One of the most dependable countermeasures against adversarial attacks is adversarial training. Models trained with AT demonstrate a decrease in overall accuracy and limited capability to adapt to previously unencountered attacks. Recent publications illustrate improved generalization on adversarial samples by using unseen threat models, encompassing the on-manifold and neural perceptual threat model types. Conversely, the precise details of the manifold are needed for the first approach, whereas the second method relies on algorithmic adjustments. These considerations motivate a novel threat model, the Joint Space Threat Model (JSTM), which employs Normalizing Flow to uphold the precise manifold assumption. Leber’s Hereditary Optic Neuropathy Adversarial attacks and defenses, novel in nature, are developed by our team under JSTM. H-151 Our novel Robust Mixup strategy centers around maximizing the adversarial properties of the interpolated images, thus enhancing robustness and counteracting overfitting. Interpolated Joint Space Adversarial Training (IJSAT) has proven, through our experiments, to deliver superior results in standard accuracy, robustness, and generalization measures. IJSAT's flexibility facilitates its application as a data augmentation technique, improving standard accuracy while augmenting robustness in combination with other existing AT approaches. We evaluate the potency of our method across the CIFAR-10/100, OM-ImageNet, and CIFAR-10-C benchmark datasets.

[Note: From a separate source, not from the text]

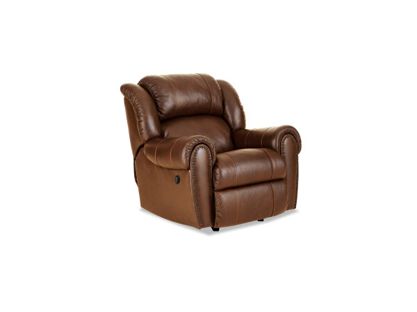Power Rocker ReclinerTop-grain cowhide leather coverDouble needle accent stitchingNailhead trim on armsPlush, pad-over chaise leg support Features Power Yes Rocker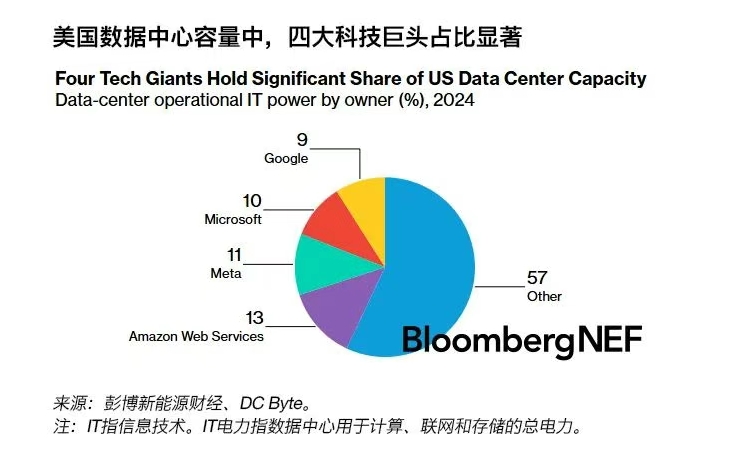 中國儲能網(wǎng)訊:目前,Amazon Web Services(AWS)、谷歌、Meta和微軟四家公司控制著美國近一半的數(shù)據(jù)中心容量,且在未來建設中占據(jù)主導地位,從而形成了一個具有獨特影響力的電力需求群體。這使它們對未來十年的能源基礎設施規(guī)劃和投資具有重大影響力。

Temporal action localization, weakly supervised, automates the identification and precise location of action occurrences in unedited videos, utilizing only video-level labels for guidance. This endeavor presents two pivotal hurdles: (1) precisely identifying action categories within unedited video footage (what is to be discovered); (2) meticulously pinpointing the precise temporal span of each action occurrence (where emphasis is required). The empirical identification of action categories requires extracting discriminative semantic information, and equally critical is the incorporation of robust temporal contextual information for complete action localization. Unfortunately, prevailing WSTAL methods typically do not explicitly and comprehensively represent the interconnected semantic and temporal contextual data for the two difficulties presented above. A Semantic and Temporal Contextual Correlation Learning Network (STCL-Net) is proposed, featuring semantic contextual learning (SCL) and temporal contextual correlation learning (TCL) components. This network models the semantic and temporal contextual correlations in both inter- and intra-video snippets to achieve precise action discovery and complete localization. A noteworthy aspect of the two proposed modules is their unified dynamic correlation-embedding design. On a variety of benchmarks, extensive experiments are carried out. The proposed methodology showcases performance equivalent to or exceeding the current best-performing models across various benchmarks, with a substantial 72% improvement in average mAP observed specifically on the THUMOS-14 data set.